We provide Terraform modules to bootstrap the necessary cloud infrastructure, including:
  • Managed Kubernetes clusters (EKS, GKE, AKS).
  • Networking and VPC configurations.
  • Managed data services (PostgreSQL, Redis, Object Storage).
  • IAM roles and service account integrations.

Helm Charts

The core platform is deployed using our official Helm charts. These charts are designed to be flexible and support:
  • OpenShift Compatibility: Support for Routes and specific security contexts.
  • Granular Component Control: Independent configuration for Backend, Frontend, Workers, and Relays.
  • Advanced Scaling: Built-in support for HPA and KEDA-driven worker scaling.

Helm Components

Helm sectionNoxus componentDescription
backendNoxus BackendCore API and orchestration service.
frontendNoxus FrontendWeb-based user interface.
worker.poolsNoxus WorkersScalable execution engines for flows and agents.
beatNoxus BeatPeriodic task scheduler and heartbeat service.
relayNoxus RelaysWebhook and event receiver endpoints.
ingressIngress / RoutesPublic routing, TLS termination, and OpenShift Routes.

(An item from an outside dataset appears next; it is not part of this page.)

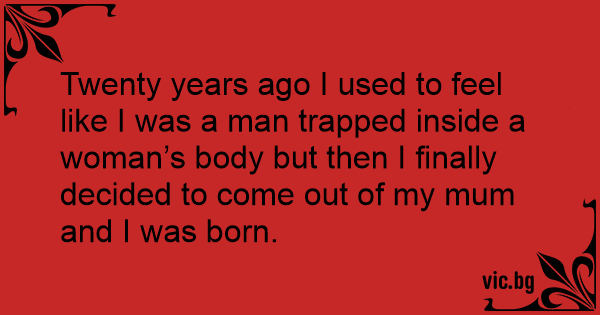Twenty years ago I used to feel like I was a man trapped inside a woman’s body but then I finally decided to come out of my mum and I was born.

Kubernetes Runtime Diagram


Autoscaling Model

Backend and Frontend

Standard Horizontal Pod Autoscaler (HPA) manages replicas based on CPU and memory utilization.

Workers

Worker pools support two advanced scaling modes:
  • Resource-based: Standard HPA for CPU/Memory.
  • Queue-driven: KEDA-powered scaling based on task queue depth, allowing for scale-to-zero and rapid bursts.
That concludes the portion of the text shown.